American Scientist

To the Editors:

As someone who was, until recently, directly involved with the engineering side of the fuel-cell industry, I disagree with some aspects of Henry Petroski's article on the subject (Engineering, September–October).

In his battery comparison, there are unsafe (and unstated) assumptions: How much power is being delivered and at what efficiency? Misinformation about fuel-cell efficiency has been a characteristic of the industry's public face for many years. Although it is true that, theoretically, the energy conversion is 80-percent efficient, the value hardly ever exceeds 40 percent in the real world.
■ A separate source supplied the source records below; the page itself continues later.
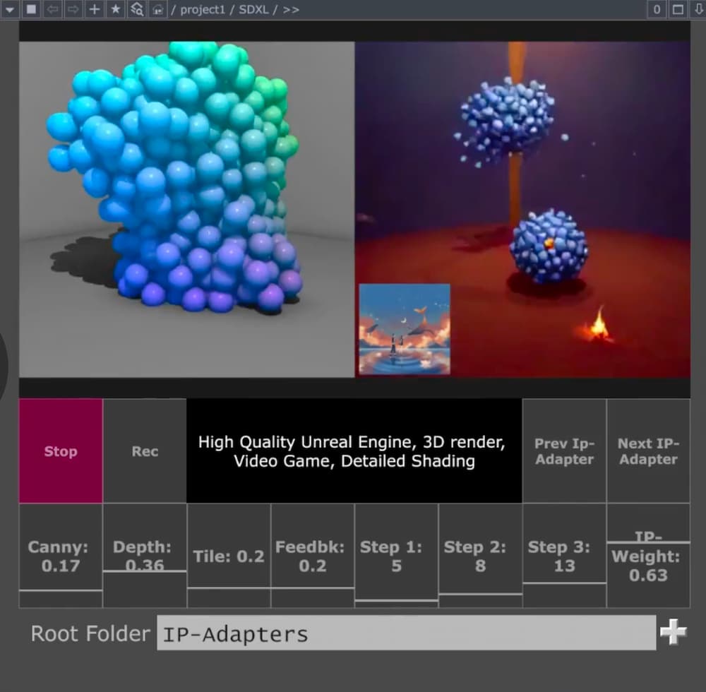 The operator exposes the parameters that matter for live work (prompt, seed, ControlNet weights) instead of hiding them behind a black box, so you can drive generation from audio, sensors, cameras, MIDI, OSC, or whatever else you already have wired up.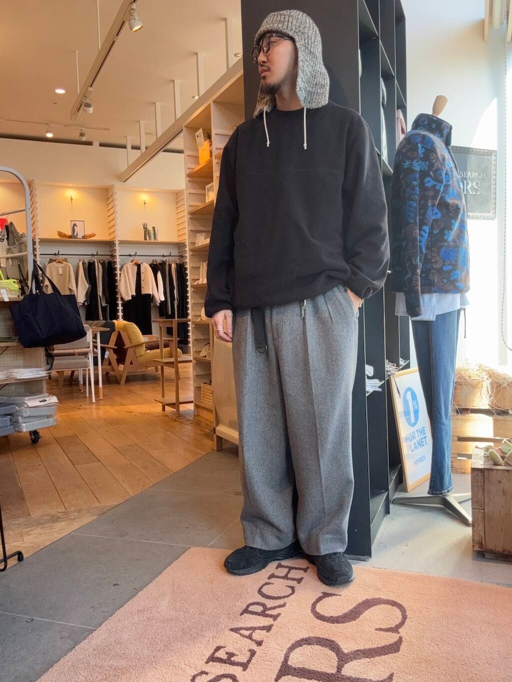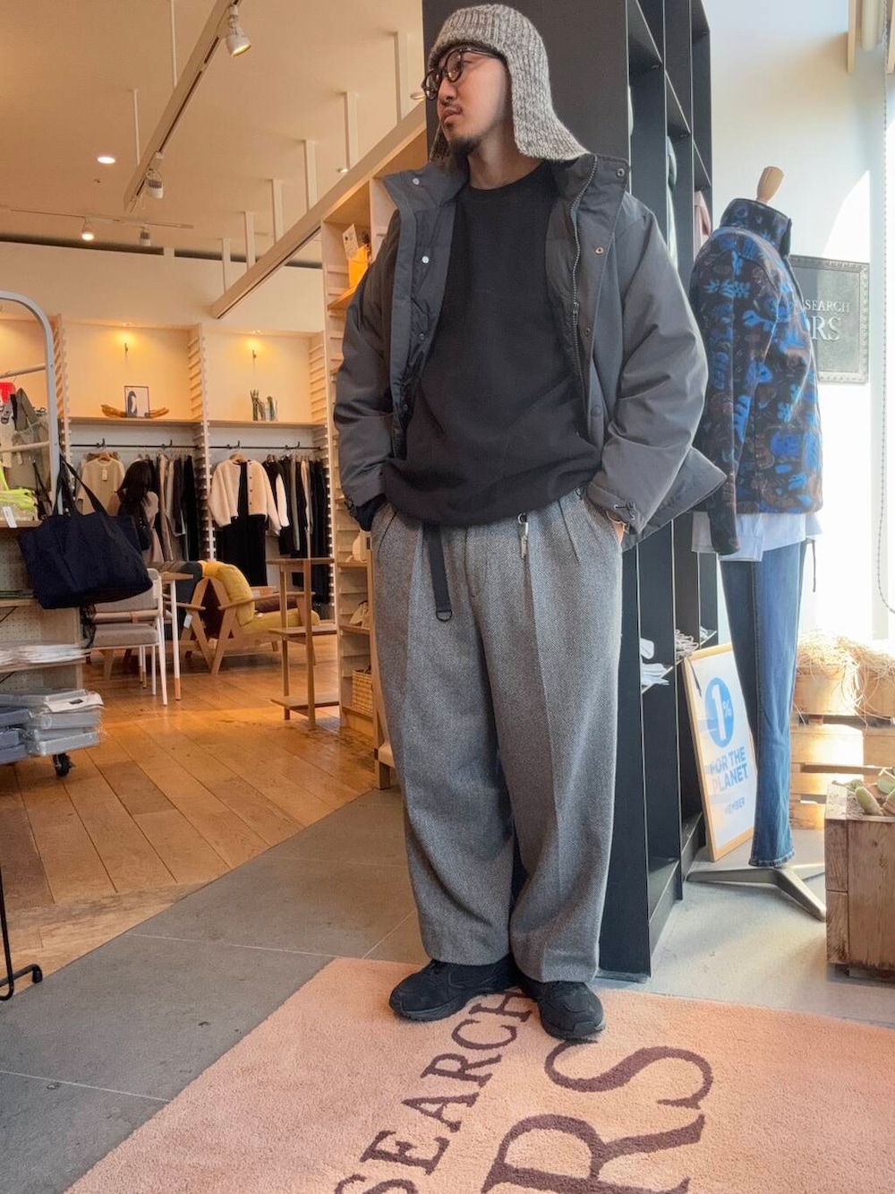グレーとブラックのシンプルなスタイリングに帽子でアクセントを加えたスタイリングです。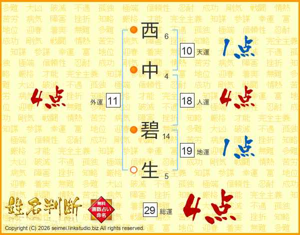 西中碧生さんの総運は29画の4点!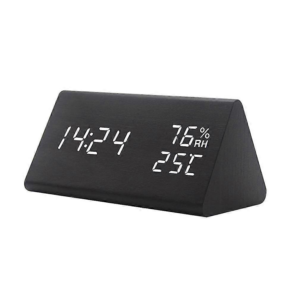 Modern Wooden LED Alarm Clock with Temperature Display & Sound Control - Stylish Digital Desk Clock for Home Decor
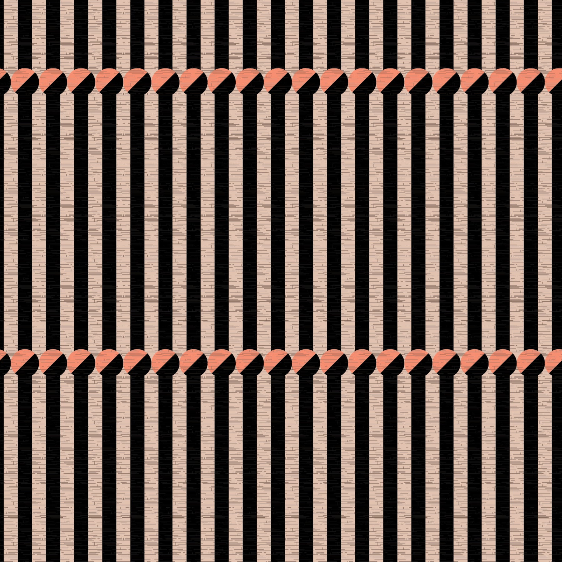 Retro Lines is a striking vertical stripe design that combines timeless order with a touch of playful rhythm. The alternating black and blush stripes are accented with small diagonal segments that break the uniformity in a fresh, dynamic way. Elegant and modern, this design suits home interiors seeking a touch of structured sophistication.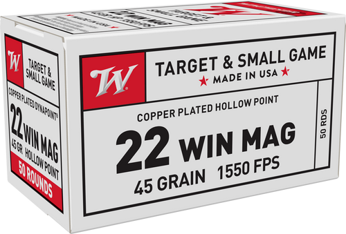Winchester USA Dynapoint Brass .22 WMR 45gr Copper Plated Hollow Point 50 Round Box - USA22M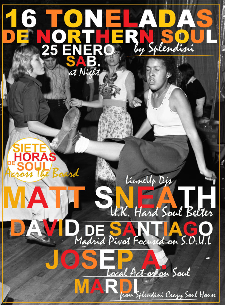 Splendini Bar y Discos, principales referentes de la música negra en la ciudad de València, organizan este sábado una gran fiesta Northern Soul en la sala 16 Toneladas (C/ Ricardo Mico, 3) a partir de las 23 horas y hasta que despunte el alba. Siete horas de baile y buena música, cuyo hilo conductor es la escena subcultural nacida en el Norte de Inglaterra a finales de los años sesenta. Este tipo de fiestas se caracterizan por sus bailes frenéticos y la devoción por los singles de 45 pulgadas producidos a lo largo de la década de los años sesenta por pequeños sellos independientes de soul clásico norteamericano. Canciones muy poco conocidas, que los jóvenes británicos -muchos de ellos pertenecientes a la escena mod- contribuyeron a popularizar a partir de los años setenta.

In addition, so-called "balance of plant" expenditures (motorized valves and blowers that control fuel and air delivery to the cell) do not scale well with reduced size, and they consume an inordinate amount of energy in gaseous fuel-cell systems below 50 kilowatts. The overall efficiency is so low that the value of such systems is dubious.
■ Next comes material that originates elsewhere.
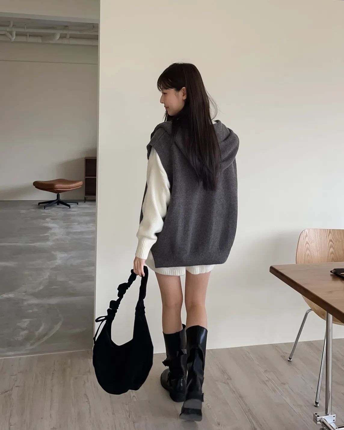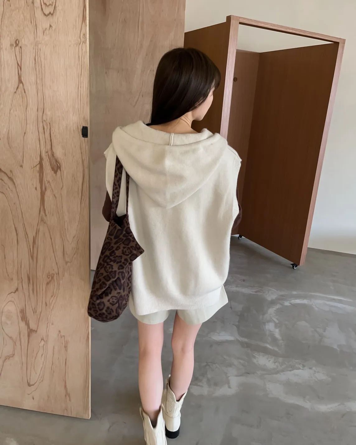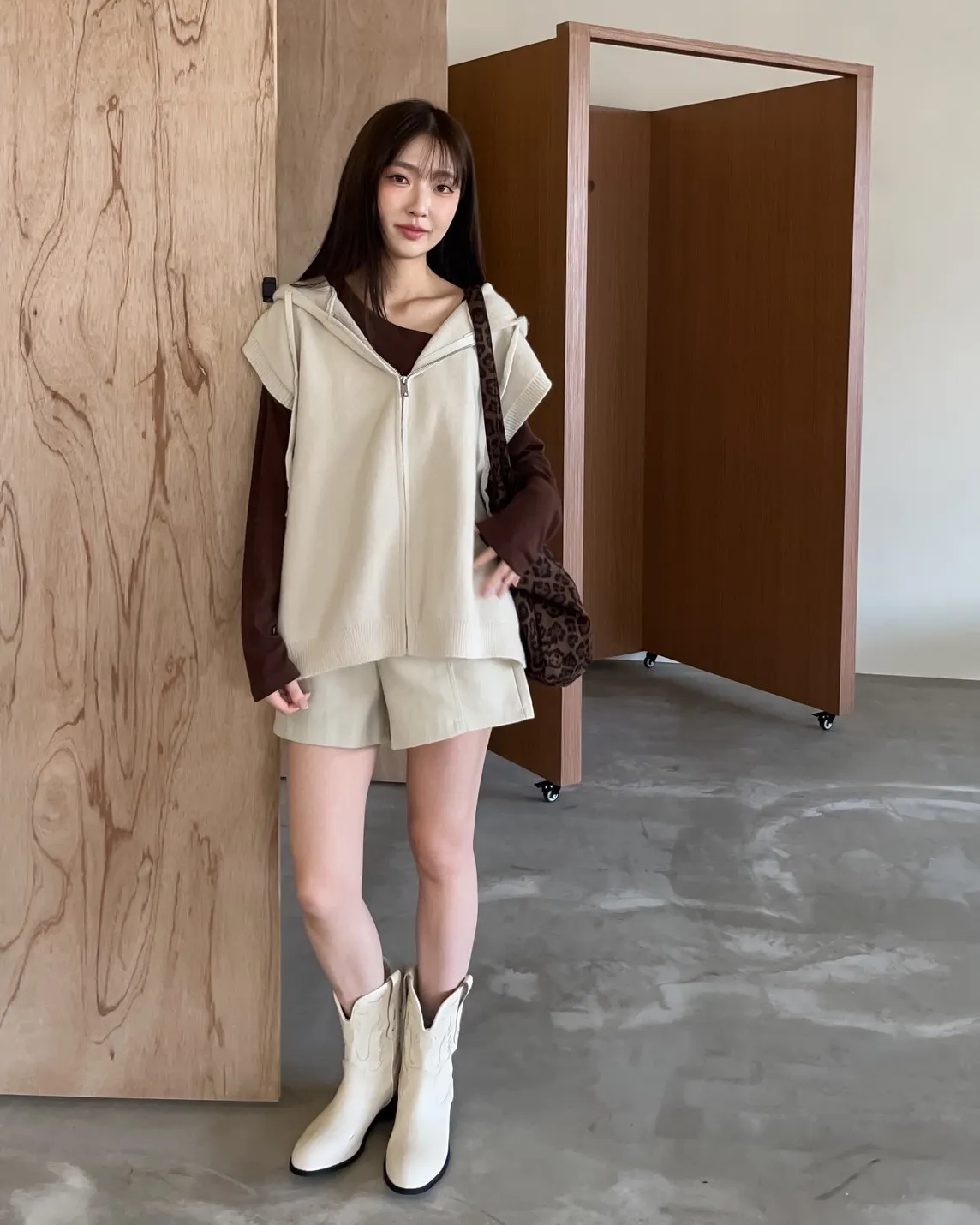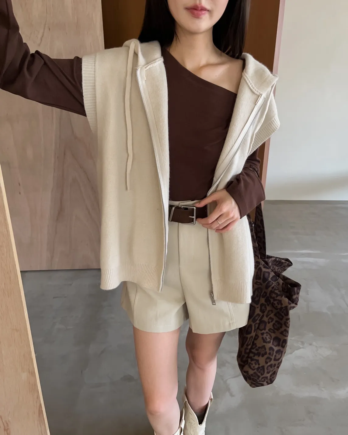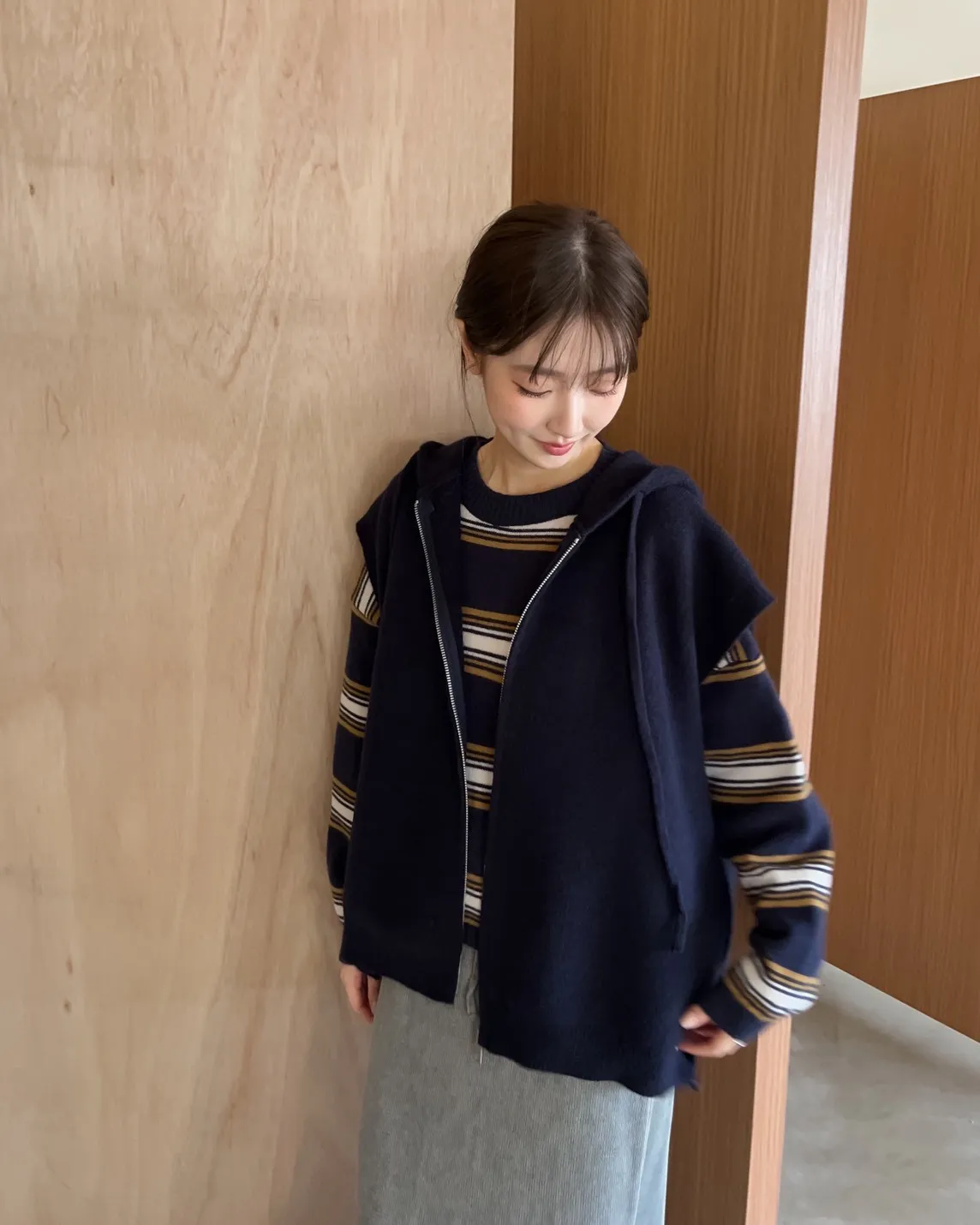 W0009隨性落肩有拉鍊連帽針織背心(杏/綠/灰/深藍)

Dr. Petroski also notes that fuel cells cannot deliver high peak loads. In fact, neither of the common mechanisms for medium-power fuel cells is suited to the types of varying loads that are used in automotive or domestic service—even when these loads lie entirely below the steady-state rating of the unit. This limitation exists because the rate of a chemical reaction in any fuel cell is directly related to the amount of current being drawn from the cell. So the amount of water and heat produced at the cell surface is proportional to the instantaneous electrical demand. Under varying load conditions, the control of critical water content in proton-exchange-membrane systems becomes extremely difficult, and in solid-oxide fuel cells, the sudden heat changes at the cell surface can fracture the brittle ceramic membrane. In both cases the result is likely to be premature degradation or total cell failure.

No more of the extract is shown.